* _Required action_
The response should hold every record from the listing that follows, verbatim, and no pictures.

* _Data_
>>>

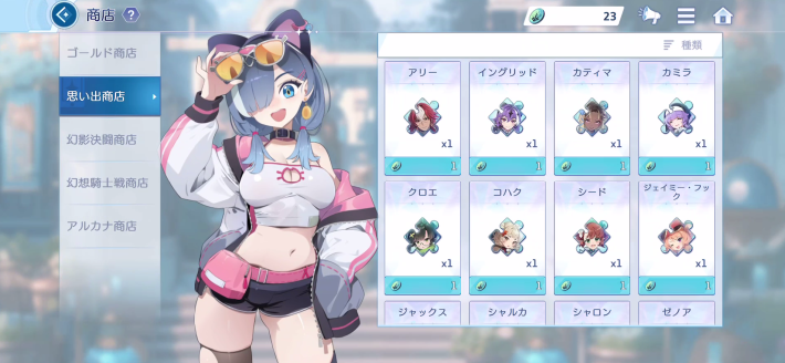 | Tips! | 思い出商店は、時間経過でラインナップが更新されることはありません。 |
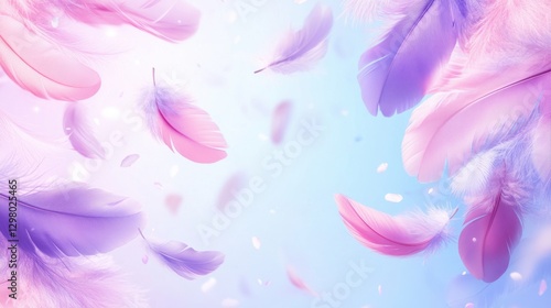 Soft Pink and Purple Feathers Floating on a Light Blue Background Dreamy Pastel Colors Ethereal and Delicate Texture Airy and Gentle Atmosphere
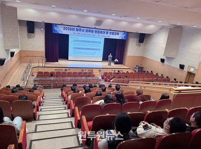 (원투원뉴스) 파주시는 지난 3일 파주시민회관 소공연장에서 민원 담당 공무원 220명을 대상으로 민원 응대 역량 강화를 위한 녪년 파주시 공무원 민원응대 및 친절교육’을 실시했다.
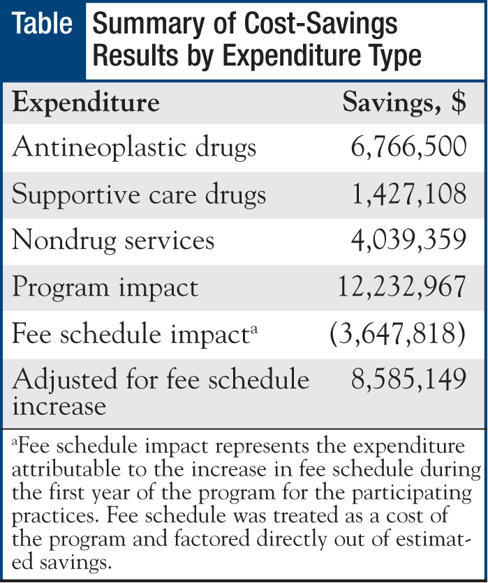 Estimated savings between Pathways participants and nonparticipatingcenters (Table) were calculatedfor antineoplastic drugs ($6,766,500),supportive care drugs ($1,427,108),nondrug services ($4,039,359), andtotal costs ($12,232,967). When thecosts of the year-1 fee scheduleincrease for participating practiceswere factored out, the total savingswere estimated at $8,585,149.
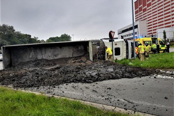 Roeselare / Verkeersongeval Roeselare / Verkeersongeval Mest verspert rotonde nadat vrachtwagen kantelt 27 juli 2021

<<<

* _Your solution_
 | Tips! | 思い出商店は、時間経過でラインナップが更新されることはありません。 |
 Soft Pink and Purple Feathers Floating on a Light Blue Background Dreamy Pastel Colors Ethereal and Delicate Texture Airy and Gentle Atmosphere
 (원투원뉴스) 파주시는 지난 3일 파주시민회관 소공연장에서 민원 담당 공무원 220명을 대상으로 민원 응대 역량 강화를 위한 녪년 파주시 공무원 민원응대 및 친절교육’을 실시했다.
 Estimated savings between Pathways participants and nonparticipatingcenters (Table) were calculatedfor antineoplastic drugs ($6,766,500),supportive care drugs ($1,427,108),nondrug services ($4,039,359), andtotal costs ($12,232,967). When thecosts of the year-1 fee scheduleincrease for participating practiceswere factored out, the total savingswere estimated at $8,585,149.
 Roeselare / Verkeersongeval Roeselare / Verkeersongeval Mest verspert rotonde nadat vrachtwagen kantelt 27 juli 2021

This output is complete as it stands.